Les officiers n’ont pas tout de suite remarqué la présence d’un civil parmi eux. A vrai dire, ils n’ont même pas remarqué mes deux acolytes qui sont restés bouche-bée en débarquant sur la passerelle de commandement. Les instruments de navigation et de communication automatisés paraissaient doués de vie propre, nonobstant la complète dégénérescence des humains à leurs côtés. J’ai remarqué le joystick qui remplaçait le gouvernail osciller tout seul pour corriger la trajectoire dans la blancheur laiteuse cernant les baies vitrées de la passerelle. Mais aucun des officiers ne remarquait plus quoi que ce soit. Ils avaient sans doute cherché au départ à transformer le lieu en un endroit plus festif, aménageant un coin canapé, quelques matelas, mais à ce stade de déchéance toutes les surfaces planes et les tables-écrans de navigation étaient recouverts de bouteilles, cendriers, verres, cannettes, paquets de cigarettes. Le gyrophare d’alerte tournoyait en silence telle une piteuse imitation de lumière festive, au rythme des basses noires et denses qui émanaient d’une enceinte improvisée, techno syncopée, lancinante. Certains officiers dépareillés ou en slip dansaient comme des zombies, quasi inertes, un verre ou une bouteille à la main. Plusieurs femmes avaient les fesses à l’air, inconscientes, étalées sur les matelas et le canapé. L’une d’elle suçait avec application le manche d’une pelle à poussière après avoir sans doute eu l’idée de ramasser les débris de verre jonchant le sol. Une collègue sa chemise blanche d’officier entrouverte et déchirée sniffait de la coke à même la table de contrôle. Une autre léchait la cire dégoulinant d’une épaisse bougie plantée parterre, lappant à quatre pattes sans ressentir aucune douleur, ses mains en sang dans les débris de verre. Un officier au fond de la cabine se faisait chevaucher tour à tour par deux de ses collègues qui riaient hystériquement. Un autre affalé en travers du corps nu d’une Dormeuse lui enfilait dans le gosier avec minutie des pilules de MDMA ou autre, et elle commençait à être prise de convulsions. Le capitaine, du moins celui qui paraissait le plus âgé, fumait du crack adossé à une femme qui se frottait contre lui les yeux mi-clos, en string, elle le branlait lentement sans qu’il ne bande, comme pour souligner le rythme amorphe des basses.

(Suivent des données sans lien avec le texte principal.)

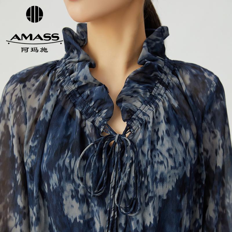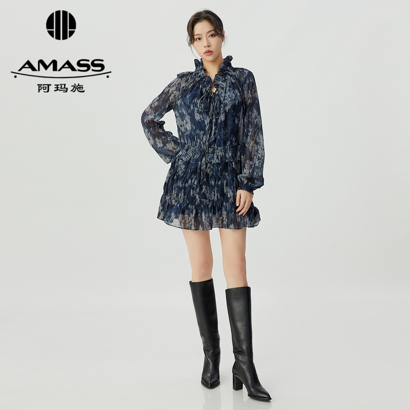 阿玛施AMASS新款复古法式荷叶边直身型飘逸短款浪漫洋装5500524
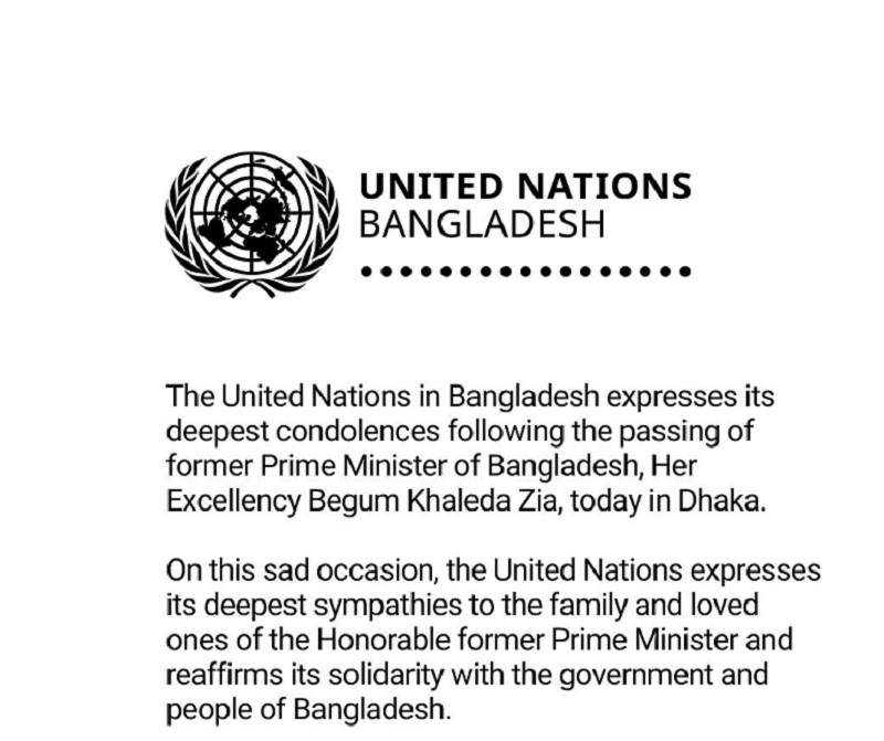 বাংলাদেশের প্রথম নারী প্রধানমন্ত্রী ও বিএনপি চেয়ারপারসন খালেদা জিয়ার মৃত্যুতে গভীর শোক প্রকাশ করেছে জাতিসংঘ।
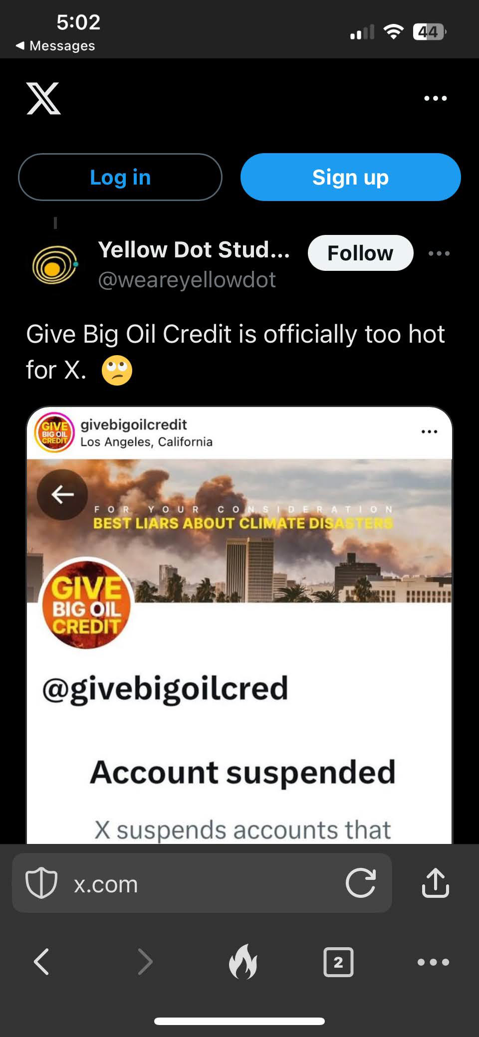 we created Give Big Oil Credit for the 2025 Grammys, the year of the Eaton and Palisades Wildfires.
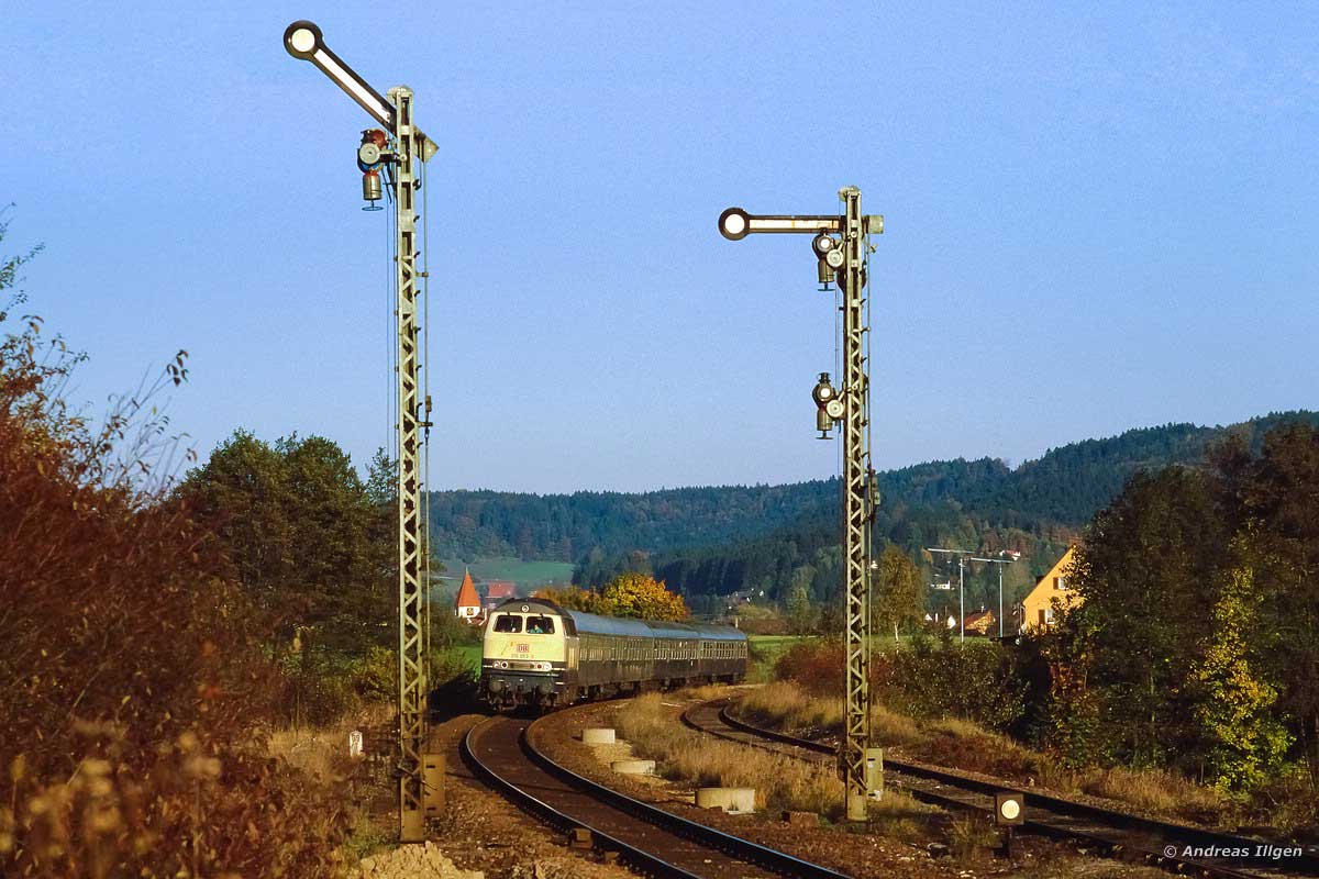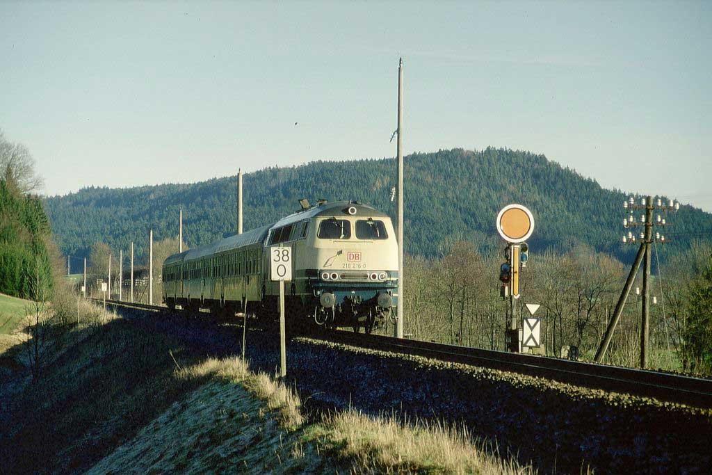 218 216 passiert mit Eilzug Nürnberg Hbf – Stuttgart Hbf zwischen Fornsbach und Murrhardt das Fornsbacher Einfahrtvorsignal

Un jeune officier à la mâchoire carrée a fini par me remarquer. Se redressant, il a titubé jusqu’à moi et a figé son visage à quelques centimètres du mien pour me scruter. L’un des soldats à mes côté l’a aidé à se maintenir droit mais il s’est dégagé d’un brusque coup d’épaule qui l’a presque fait basculer à la renverse.
Les yeux injectés de sang, il puait la vodka, il crissait des dents, un reste de coke au bord de la narine. J’avais devant moi la merveilleuse vision d’une autorité au stade terminal de la déroute.
« Grembl…dormeur, fout là? », peina-t-il à articuler.
Quand il a lentement déboutonné l’étui de son revolver, je me suis dit que de monter ici avait été une mauvaise idée.